Rather than an earnest, impassioned walk about Vienna and conversation that overflows like an endless river of thoughtful soliloquies, people are burdened by this sense that they should hold out for something better—conserve their energy and life force when they really need it. In a sense, it’s much more tragic than what Jesse and Céline experienced, because they never even had their day in Vienna that plagued them for years. They never had it all. Jesse and Céline may have been tortured by the memory of that day they spent together, but just knowing that it ever happened kept them going and believing in love.
Before Midnight sees their relationship almost implode from years of building resentments and the fading of youthful romance. Céline even tells Jesse she doesn’t know if she loves him anymore. It’s only through roleplaying a time traveling bit that Jesse is able to reconnect with her. They can’t escape all the damage they’ve accumulated through their years, but they can choose to start over. “If you want love, then this is it. This is real life. It’s not perfect, but it’s real.”
While Before Midnight takes on a different shape, it doesn’t dispute the heart of Before Sunset—that true connection is incredibly rare. It expands upon it by going deeper. Their love is no longer juvenile and idealized; it’s complicated, messy, painful, and beautiful. Linklater affirms, yes, connection like this is lightning in a bottle, but that alone doesn’t guarantee a happily ever after. Not only is true connection incredibly rare, but it stays rare even after you seize it, because genuine, unwavering intimacy sustained through a lifetime, despite a relationship’s fights, resentments, and relational fatigue, is even rarer than a brief magical encounter.
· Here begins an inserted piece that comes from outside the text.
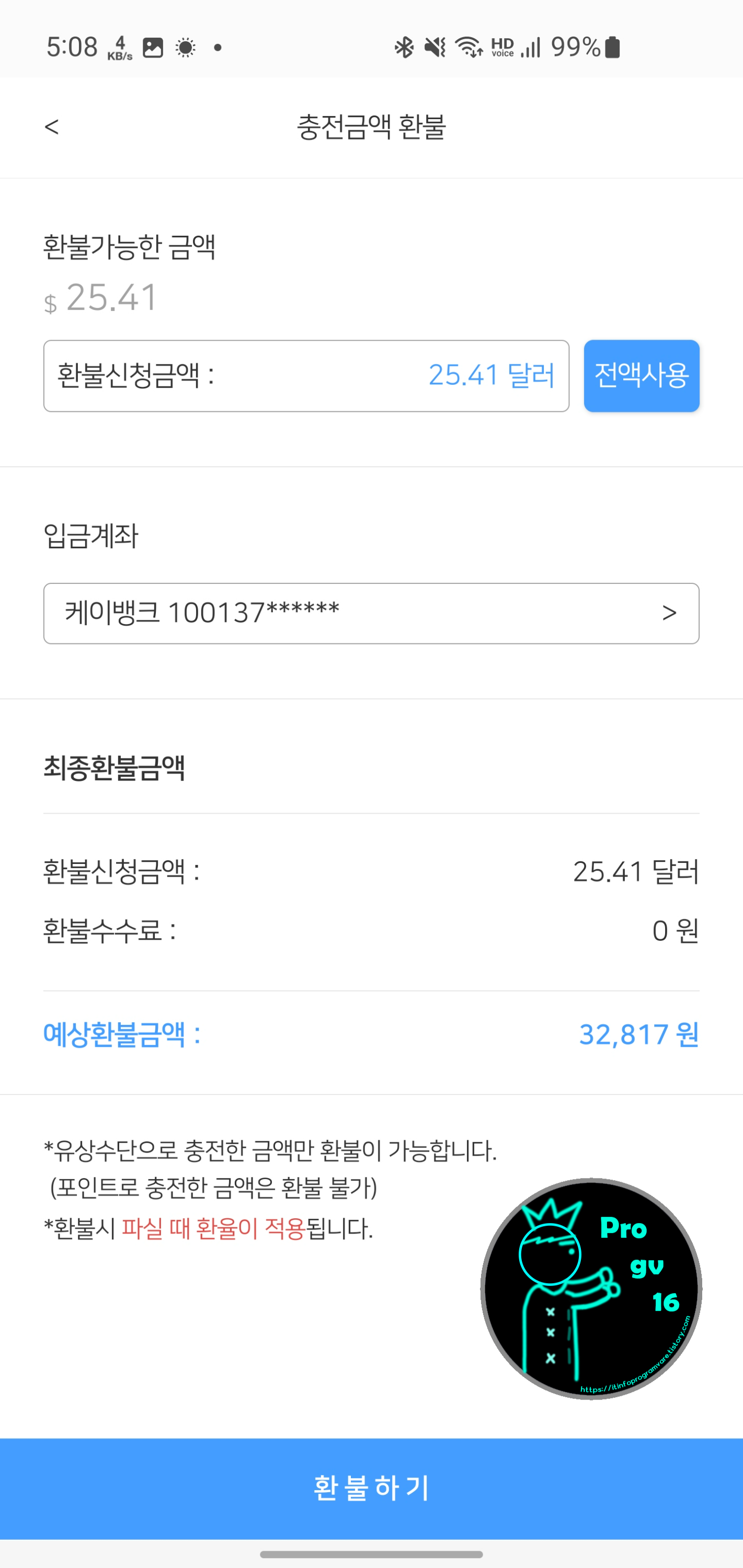 다만 팔 때 환율이 적용되기 때문에 먼저 외화를 충전한 금액에 비해 환차익들을 고려하여 더 적은 원화가 입금됩니다. 이 점은 유의하셔서 환불을 결정하시기 바랍니다.

In Before Sunrise, Céline has this beautiful line, “I believe if there’s any kind of God it wouldn’t be in any of us, not you or me, but just this little space in between. If there’s any kind of magic in this world, it must be in the attempt of understanding someone sharing something. I know it’s almost impossible to succeed, but who cares, really? The answer must be in the attempt.” And I think that’s the point. Finding “your person” might be difficult, but it’s worth attempting. And that’s a message more relevant than ever right now.
Final Thoughts
True connection isn’t extinct, but it certainly feels that way for modern daters navigating the detached, algorithmically-determined dating field. It’s harder to break through the digital walls people have unwittingly built up. Connection requires courage, presence, risk, and a leap of faith—all qualities our tech-driven isolation discourages. Maybe connection feels so scarce not only because it’s naturally hard to come by, but we’ve also forgotten how to cultivate it.